Background info about Jeff Schmidt and Disciplined
Minds
By
Chris Mohr and Marlowe Hood
Former
Physics Today staff members
In Disciplined
Minds, Jeff Schmidt challenges professionals to view their role in society
in a new and unsettling way. He argues
that professional work has both technical and political components, and that
salaried professionals are expected to be technically creative but politically
subordinate. Such subordination does
not occur without a fight, the book maintains, and so the workplace becomes a
battleground for the very identity of the individual, as does graduate school,
where professionals are trained.
Jeff has a
PhD in physics from the University of California, Irvine, and he draws many of
his examples from the predicament of employed physicists and physics graduate
students. (In one chapter, he examines
the physics PhD qualifying examination and shows how the ostensibly
value-neutral test can identify candidates who will likely have a compliant
attitude toward their employers.) His
book details the battle one must fight to be an independent thinker and to
advance one's own social vision in today's corporate society.
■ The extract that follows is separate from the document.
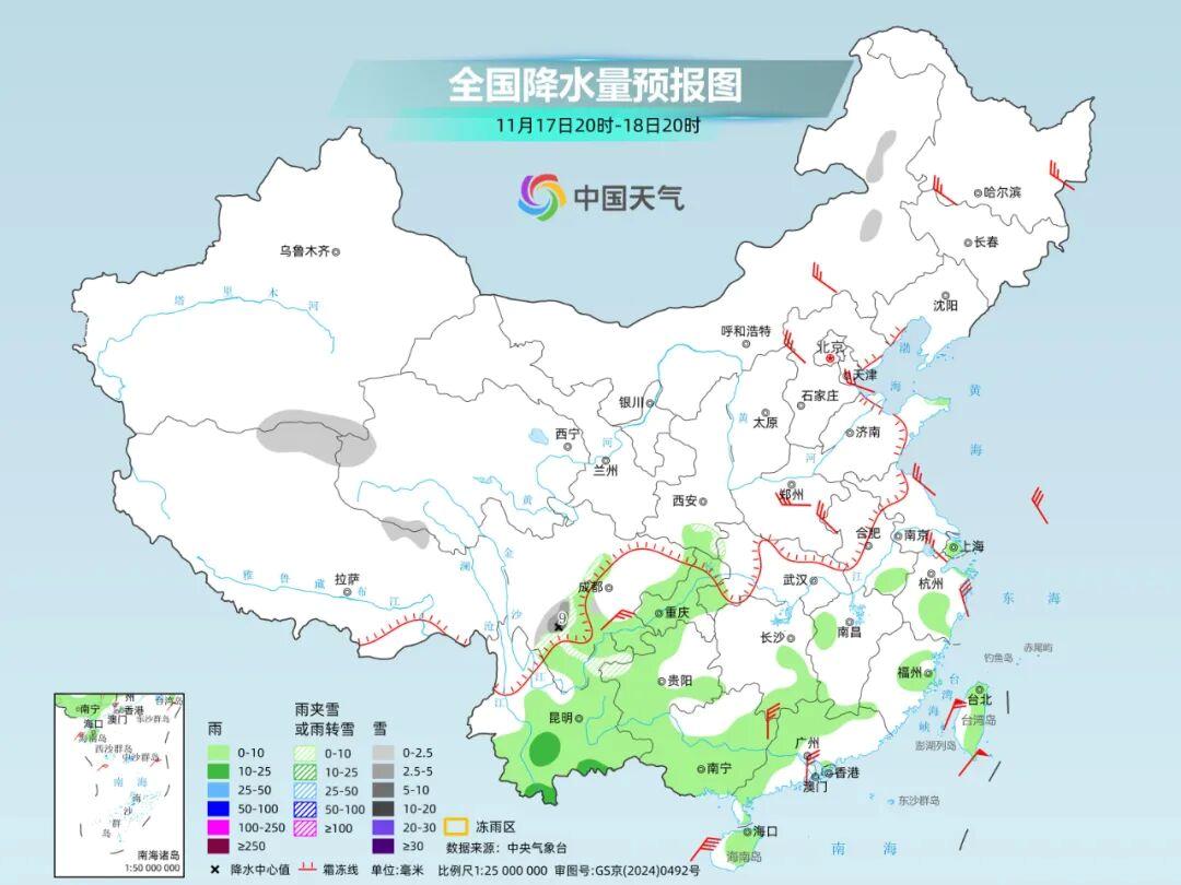 总体来看,这次寒潮过程带来的雨雪天气不多。今天,北方的雨雪将基本结束,南方雨雪南压,多以弱阴雨天气为主。

It offers practical advice on how to make
employment more than an exercise in knowing your place, and how to make
graduate school more than an abusive "intellectual bootcamp" that
breaks the individual in to playing a conventional role. You can avoid the cynicism and intellectual
timidity that afflicts so many professional employees, he says, but doing so is
not easy, and he discusses how it can be done.
While at Physics
Today, Jeff played the most prominent role in staff efforts to improve
working conditions, increase staff participation in decision-making, and
broaden the range of viewpoints allowed in the magazine. He also led an effort to force Physics
Today to live up to its advertised claim of being an affirmative-action
employer, noting that the magazine was hiring and training only whites as
editors, a pattern that eventually left the magazine with an all-white staff of
16 professionals and a non-white secretarial staff of 3.
In firing
Jeff, the managers at Physics Today cited a statement, at the beginning
of Disciplined Minds, that he had spent "some office time"
writing the book. That constitutes
"misconduct," they said.
Jeff's colleagues, however, saw this charge more as a pretext to get rid
of someone who was persistently pressing for changes in workplace
policies. Indeed, the fact that the
magazine's managers dismissed Jeff after so many years of service not only
without a hearing, but also without asking him a single question about his work
on the book, suggests that they were looking for an opportunity to remove him.
By the time Disciplined
Minds was published, Physics Today's managers had already tried
unsuccessfully to silence Jeff with measures just short of dismissal. At one point, for example, they put gag
orders on Jeff and another outspoken staff editor, warning that they would be
fired if they said anything "counterproductive." These orders were eventually lifted due to
pressure from coworkers. Physics
Today even banned private conversations in the workplace, announcing that
all conversations between staff members must be open to monitoring by
managers. Jeff was not alone among his
colleagues in finding these measures repressive.
The managers
at Physics Today apparently thought the book would be perceived as so
provocative that no one would object if they fired Jeff. They were wrong. Those lodging protests to date include sixteen former Physics
Today staff members (including us), the National Writers Union, and 160
scholars, writers and educators in a wide range of fields. Even the State of Maryland, after an
unemployment benefits hearing, rejected AIP's charge that Jeff's work on the book
at the office constituted misconduct, finding that Physics Today fired
Jeff without evidence that his spare-time writing interfered with his work for
the magazine. (During the years that
Jeff was writing Disciplined Minds, Physics Today gave him two promotions
and 19 salary increases based explicitly on the quantity and quality of his
work for the magazine.) Details of the
state investigation are posted on the Web at http://disciplined-minds.com,
along with the protest letters, reports in the press and reviews of the book.
Physics
Today has hired
what union activists and labor lawyers describe as the most notorious
union-busting law firm in the country (Jackson, Lewis, Schnitzler &
Krupman) to deal with any legal challenges in this case. That's revealing, but it doesn't mean that
the law is a likely source of justice for Jeff. The law generally favors employers, and so Jeff's best chance for
justice is support from the physics community.
(The above
is based on information from Jeff and other former Physics Today
employees, and on relevant documents.)